Problem to work on — Your task is to retype, word for word, the lines from the start of the data through the line holding "Пара, едущая на санях". Do not include the pictures.

────────────────────────────────────────

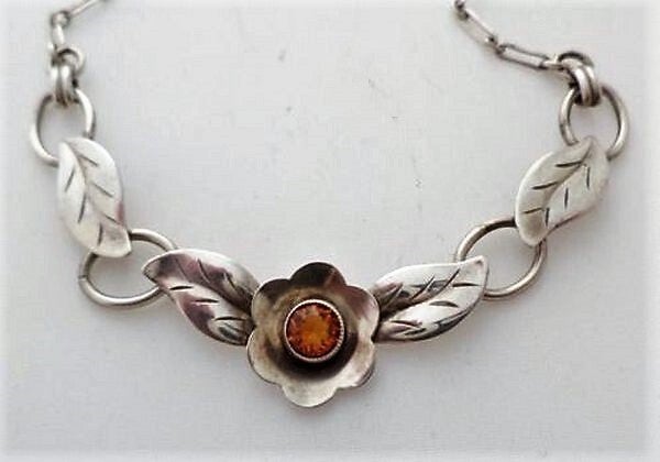 De bloem is bezet met een schitterende, briljant geslepen cognackleurige steen (vermoedelijk citrien) van 5 mm.
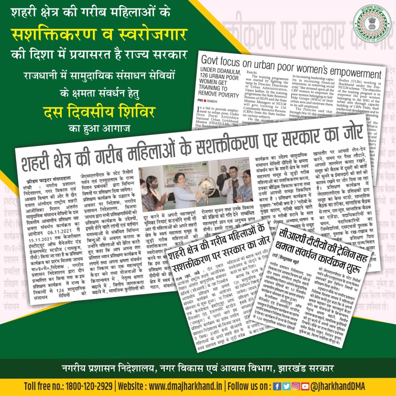 Media Coverage Promotional infographic in respect of 10 Days CRPs Training Programme under DAY-NULM Scheme.
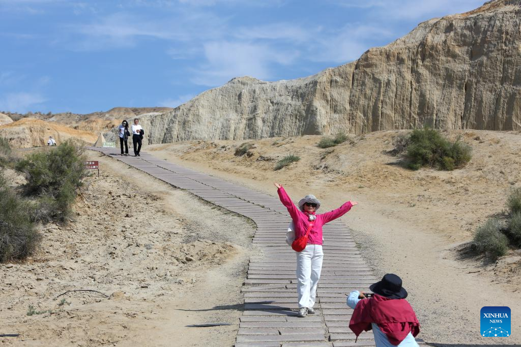 A tourist poses for photos at a scenic spot of Ulunggur Lake in Fuhai County of Altay, northwest China's Xinjiang Uygur Autonomous Region, Sept. 8, 2025. (Xinhua/Cheng Li)
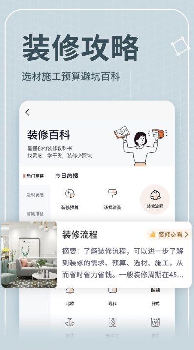 住小家主打真实装修案例展示,是寻找设计灵感的理想选择。其“案例库”汇集超百万张实景拍摄图片,按照户型、面积和装修风格进行分类检索,例如“80平米两居室北欧风”或“120平米三居室新中式”。点击任一案例可查看各区域细节,包括客厅沙发配色、卧室窗帘样式,并附带业主的设计思路分享,如“封闭阳台改造成书房,增加收纳空间”等实用经验。
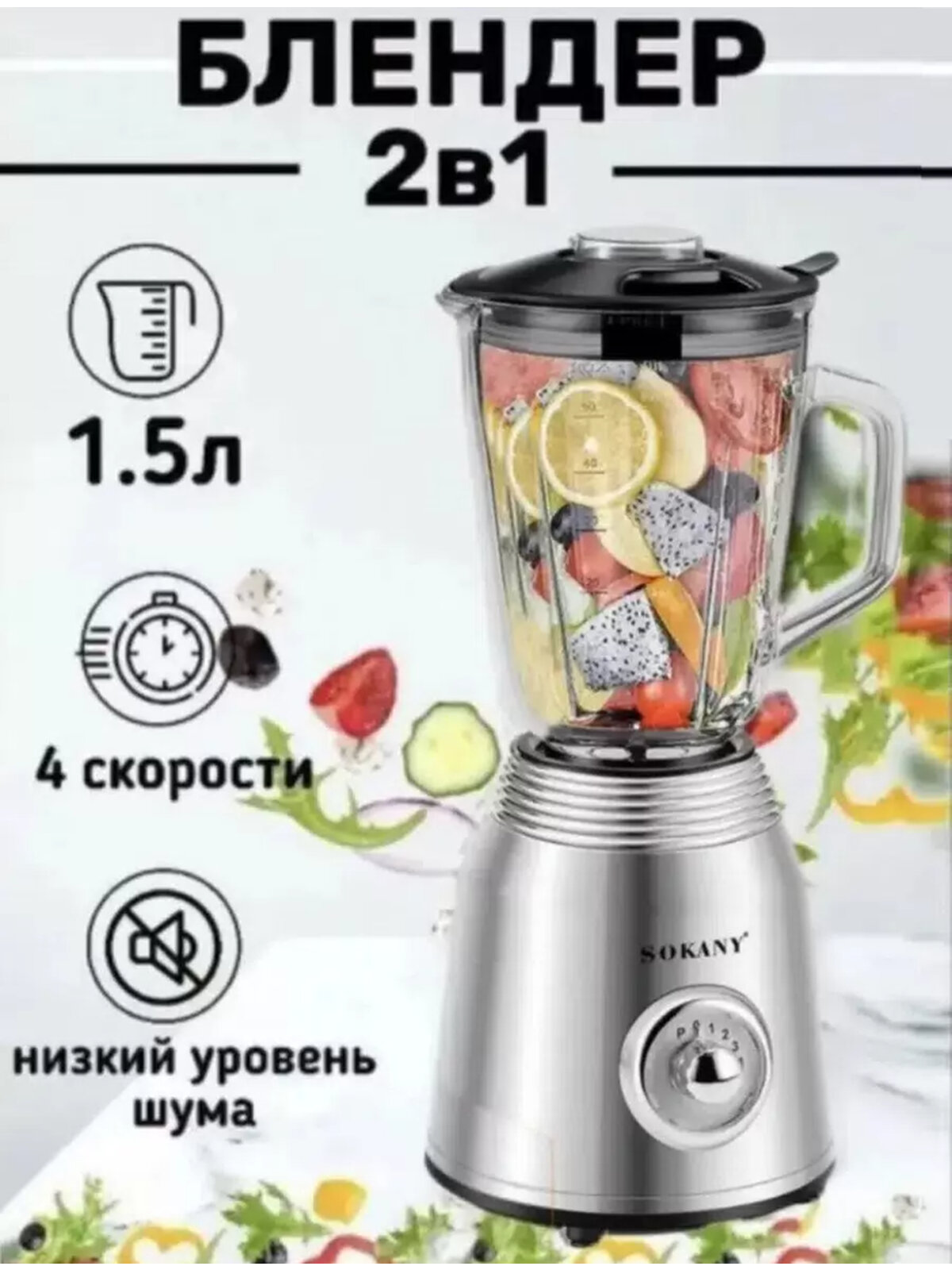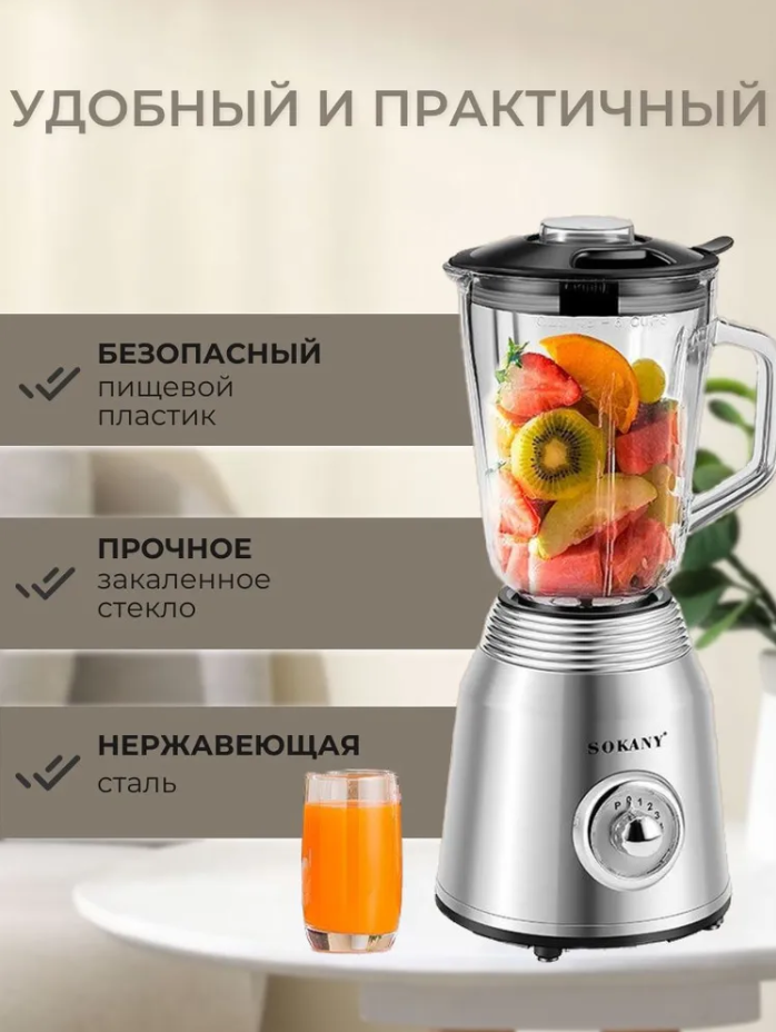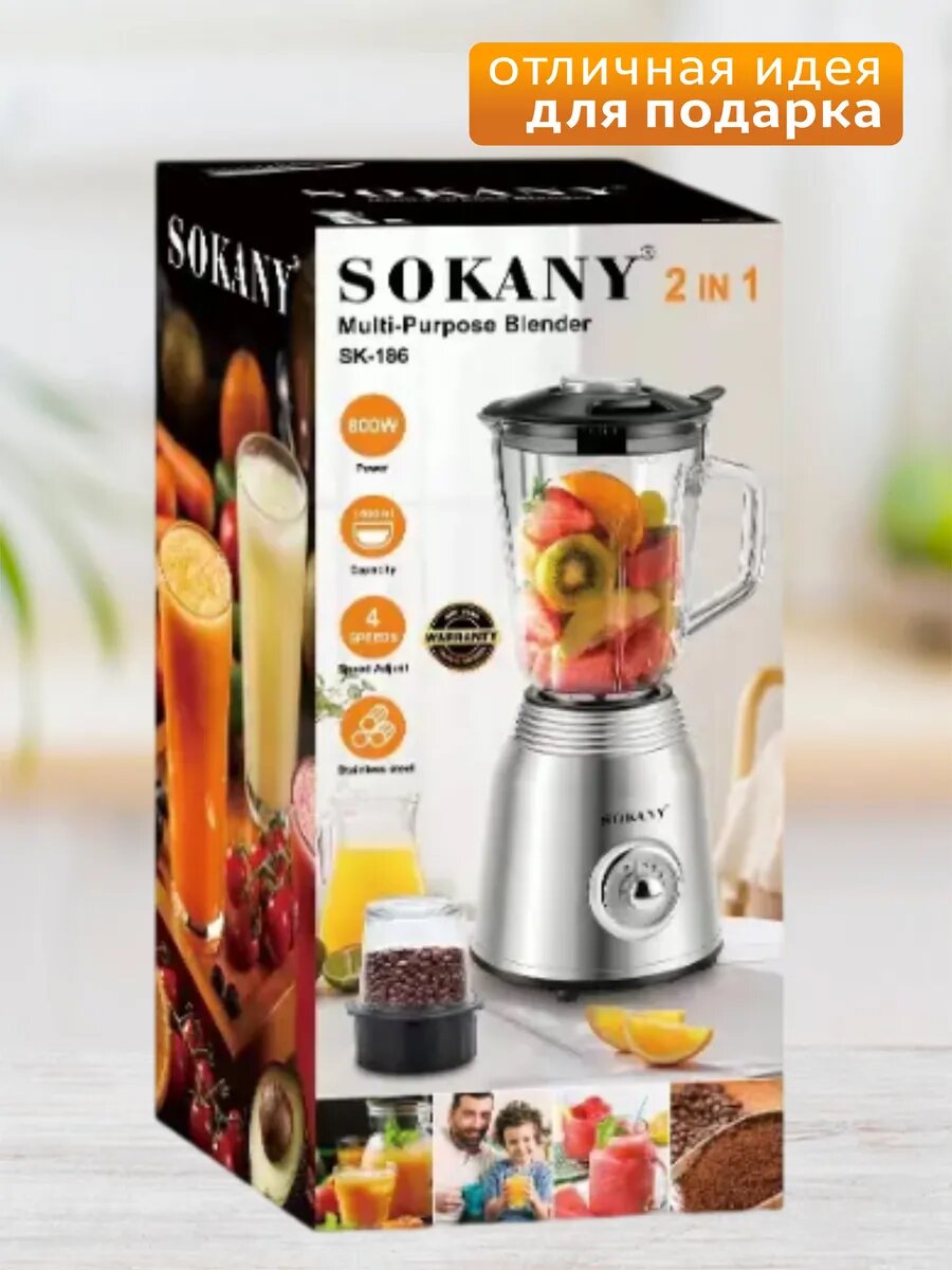 Блендер 2в1 Sokany SK186-800W 1.5 л чаша, 4 скорости, импульсный режим + кофемолка 250 мл: сравнение цен, характеристики, фото, актуальное наличие и цены.
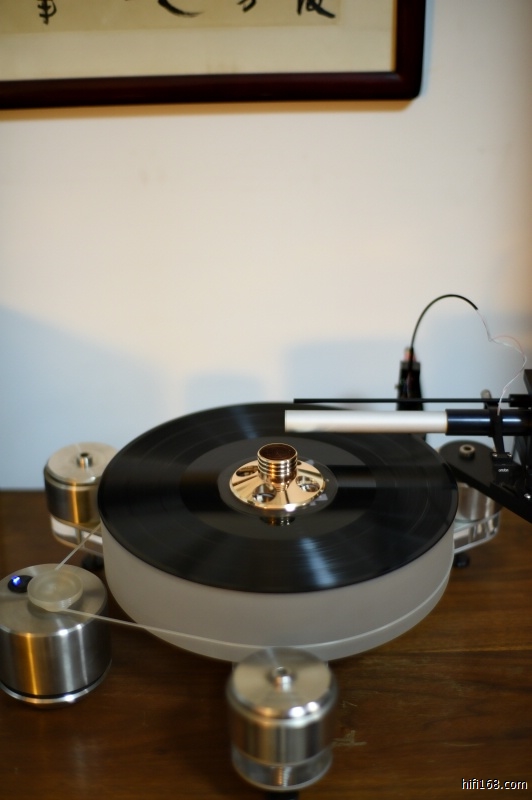而德国清澈唱盘精度高,平整度好,经过几次比较,阿玛尼的这个唱片镇最好也别用,用了会丧失很多中高频的鲜活度和细节,低频会偏闷厚。个人感觉MC唱头输出小,对外界压力敏感,如果唱盘素质上档次,不用唱片镇,让唱头轻松自由的循迹更好。MM唱头加平价唱盘根据情况,可以试试唱片镇提高读取稳定度。一切以实试为准。
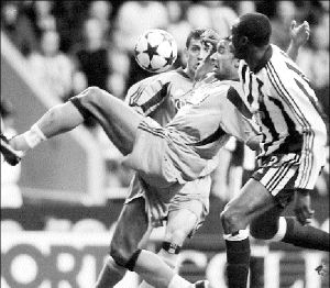 COPA UEFA  En una jornada sin goles, de semifinales de ida de la Copa UEFA, este jueves empataron los españoles Villarreal y Valencia, al igual que los ingleses del Newcastle frente a los visitantes franceses del Olympique de Marsella. En la gráfica, Habib Beye, del Olympique (centro), busca quedarse con el balón ante la marca de Shoia Ameobi, del Newcastle (derecha) FOTO AFP
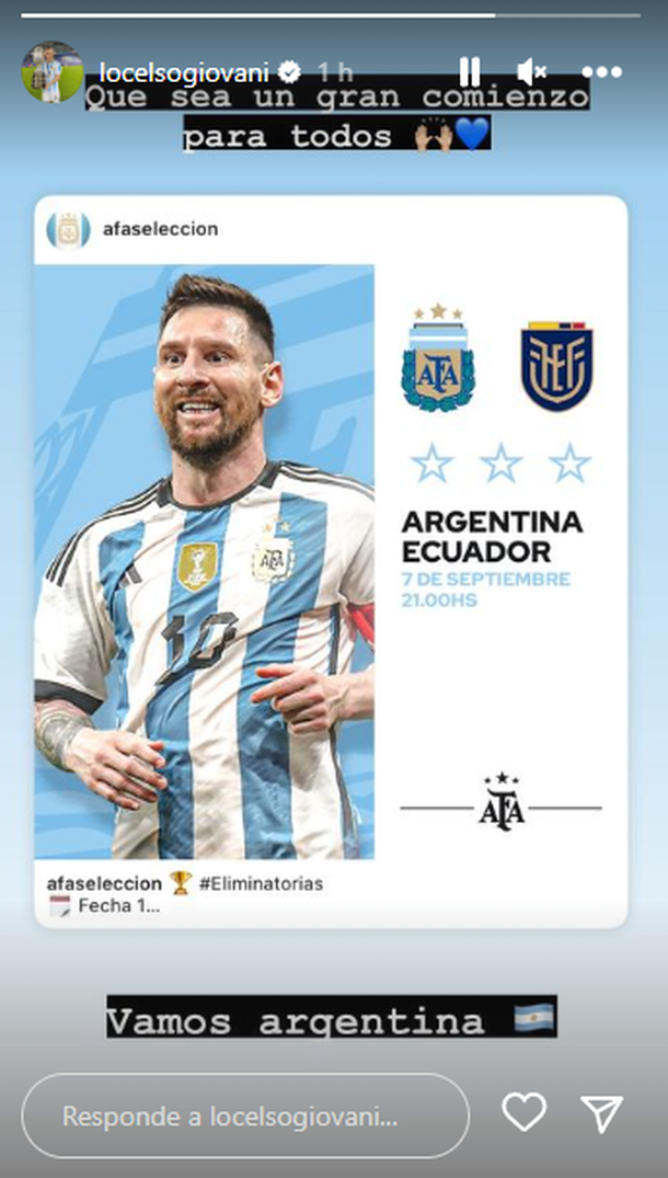 "Que sea un gran comienzo para todos. Vamos Argentina", escribió el rosarino en una historia en su cuenta oficial de Instagram.
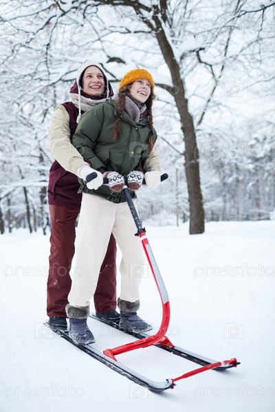 Пара, едущая на санях
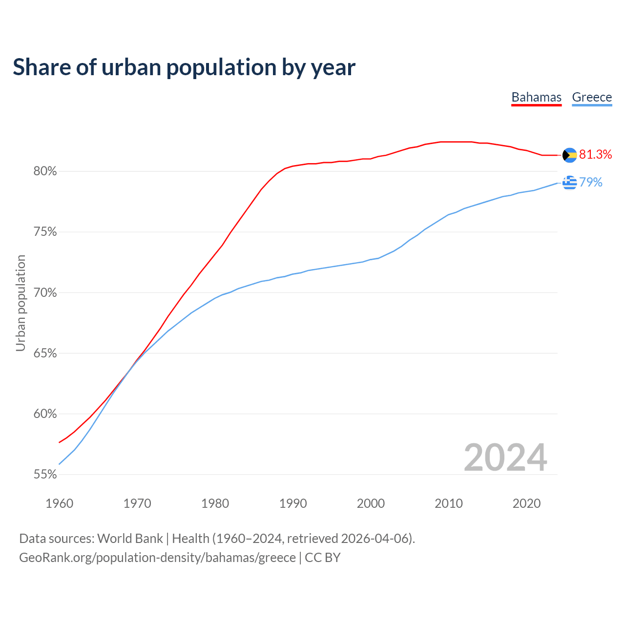 From 2004 to 2024, the share of urban population changed from 81.7% to 81.3% in the Bahamas and from 73.8% to 79% in Greece.

────────────────────────────────────────

Problem solution —
 De bloem is bezet met een schitterende, briljant geslepen cognackleurige steen (vermoedelijk citrien) van 5 mm.
 Media Coverage Promotional infographic in respect of 10 Days CRPs Training Programme under DAY-NULM Scheme.
 A tourist poses for photos at a scenic spot of Ulunggur Lake in Fuhai County of Altay, northwest China's Xinjiang Uygur Autonomous Region, Sept. 8, 2025. (Xinhua/Cheng Li)
 住小家主打真实装修案例展示,是寻找设计灵感的理想选择。其“案例库”汇集超百万张实景拍摄图片,按照户型、面积和装修风格进行分类检索,例如“80平米两居室北欧风”或“120平米三居室新中式”。点击任一案例可查看各区域细节,包括客厅沙发配色、卧室窗帘样式,并附带业主的设计思路分享,如“封闭阳台改造成书房,增加收纳空间”等实用经验。
 Блендер 2в1 Sokany SK186-800W 1.5 л чаша, 4 скорости, импульсный режим + кофемолка 250 мл: сравнение цен, характеристики, фото, актуальное наличие и цены.
而德国清澈唱盘精度高,平整度好,经过几次比较,阿玛尼的这个唱片镇最好也别用,用了会丧失很多中高频的鲜活度和细节,低频会偏闷厚。个人感觉MC唱头输出小,对外界压力敏感,如果唱盘素质上档次,不用唱片镇,让唱头轻松自由的循迹更好。MM唱头加平价唱盘根据情况,可以试试唱片镇提高读取稳定度。一切以实试为准。
 COPA UEFA  En una jornada sin goles, de semifinales de ida de la Copa UEFA, este jueves empataron los españoles Villarreal y Valencia, al igual que los ingleses del Newcastle frente a los visitantes franceses del Olympique de Marsella. En la gráfica, Habib Beye, del Olympique (centro), busca quedarse con el balón ante la marca de Shoia Ameobi, del Newcastle (derecha) FOTO AFP
 "Que sea un gran comienzo para todos. Vamos Argentina", escribió el rosarino en una historia en su cuenta oficial de Instagram.
 Пара, едущая на санях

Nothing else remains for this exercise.